One classification of copyrightable work that is missing from the list of those which can qualify as Works-Made-For-Hire is … surprisingly… the very category we have been discussing.  That is, "pictorial, graphic and sculptural works" are not listed by Act and therefore cannot be Works-Made-For-Hire under the Copyright Law, unless they qualify under one of the listed categories - e.g. an animation frame as part of an audiovisual work.  The significance of this omission is that, unless additional steps are taken in the agreement between the parties, the outside artist or sculptor would be entirely within his/her rights to demand a second payment from the manufacturer for a license to make use of the commissioned work.  This could happen because copyright ownership in the commissioned work would remain in the artist, notwithstanding that the parties fully intended otherwise.  To add insult to injury, if the parties can't reach agreement on the license fee, the artist could actually sell or license the work to a third party!

What to do?

Every manufacturer who outsources artistic creations would be well advised to thoroughly review whatever forms of agreement it normally uses for such transactions.  As a threshold consideration, even those kinds of works that fall into one of the categories that properly can be "Works-Made-For-Hire" under the law will only qualify as such if the commissioning agreement affirmatively states the intention that the work to be a Work-Made-For-Hire.  Further, the work that is the subject of the agreement must be  specially commissioned - that is, it cannot already exist in completed form prior to the agreement but must be created pursuant to the agreement - -and the agreement must be in writing, signed by both parties.
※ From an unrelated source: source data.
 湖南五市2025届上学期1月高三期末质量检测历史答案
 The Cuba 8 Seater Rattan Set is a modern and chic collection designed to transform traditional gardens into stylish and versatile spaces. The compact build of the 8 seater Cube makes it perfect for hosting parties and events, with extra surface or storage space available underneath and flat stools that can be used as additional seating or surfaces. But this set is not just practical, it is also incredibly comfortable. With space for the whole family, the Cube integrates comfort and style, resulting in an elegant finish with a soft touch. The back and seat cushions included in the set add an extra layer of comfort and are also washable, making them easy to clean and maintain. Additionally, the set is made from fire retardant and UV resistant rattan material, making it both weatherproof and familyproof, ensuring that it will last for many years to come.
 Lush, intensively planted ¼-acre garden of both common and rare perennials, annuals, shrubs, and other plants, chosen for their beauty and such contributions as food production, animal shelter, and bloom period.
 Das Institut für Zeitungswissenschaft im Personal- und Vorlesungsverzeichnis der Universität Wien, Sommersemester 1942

With respect to pictorial, graphic and sculptural works, if the parties intend that the manufacturer own the copyright and not be required to make additional payment for use of the work, the agreement should incorporate a "belt and suspenders" approach by stating that all rights in the work and the resulting copyright are "hereby assigned" by the artist to the manufacturer, to the extent that the work does not qualify as Work-Made-For-Hire.  Furthermore, in the case of commercially important works, a manufacturer would be well advised to register the copyright with the U.S. Copyright Office.  In this way, disputes over ownership and the requirement of a license for use of the created work can be avoided.
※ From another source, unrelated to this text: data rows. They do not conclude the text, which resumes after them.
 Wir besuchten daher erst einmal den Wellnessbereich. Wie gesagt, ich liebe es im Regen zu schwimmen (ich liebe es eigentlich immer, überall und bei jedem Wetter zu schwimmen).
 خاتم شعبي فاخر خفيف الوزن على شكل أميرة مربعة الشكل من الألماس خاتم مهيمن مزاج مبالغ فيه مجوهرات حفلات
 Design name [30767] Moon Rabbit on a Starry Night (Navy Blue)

Whatever political forces may have resulted in the seeming gap in the "Work-Made-For-Hire" section of the U.S. Copyright Act, the unfortunate fact is that a substantial part of the commerce between manufacturers and outside creative service providers has not been addressed.  A circumspect manufacturer who desires to avoid paying a second time for using works that it has already paid to have created will take the additional protective steps described above.

The Final Insult

Of perhaps greater concern is that, in the case of an outsourced work that does not qualify as Work-Made-For-Hire and that becomes an evergreen property, even the "belt and suspenders" approach described above has limitations.  Under the U.S. Copyright Act, any individual who assigns his or her ownership of a copyright to another party can nullify the assignment by a termination notification at the 35th anniversary of the assignment.  An example of this recently came to light when a federal court upheld the termination of assignment to Marvel Comics by the creator of the "Captain America" superhero character. Thus, the artist now has the opportunity to offer to the highest bidder a character that Marvel has popularized for 35 years. 

Incredible as it may seem, the same fate can befall manufacturers who are fortunate enough to have commissioned the creation of artworks that prove to have enduring popularity in their product lines.  That is, in situations where it matters most, manufacturers can lose ownership of the artwork embodied in evergreen products to the artist whom the manufacturer paid to create the artwork in the first place.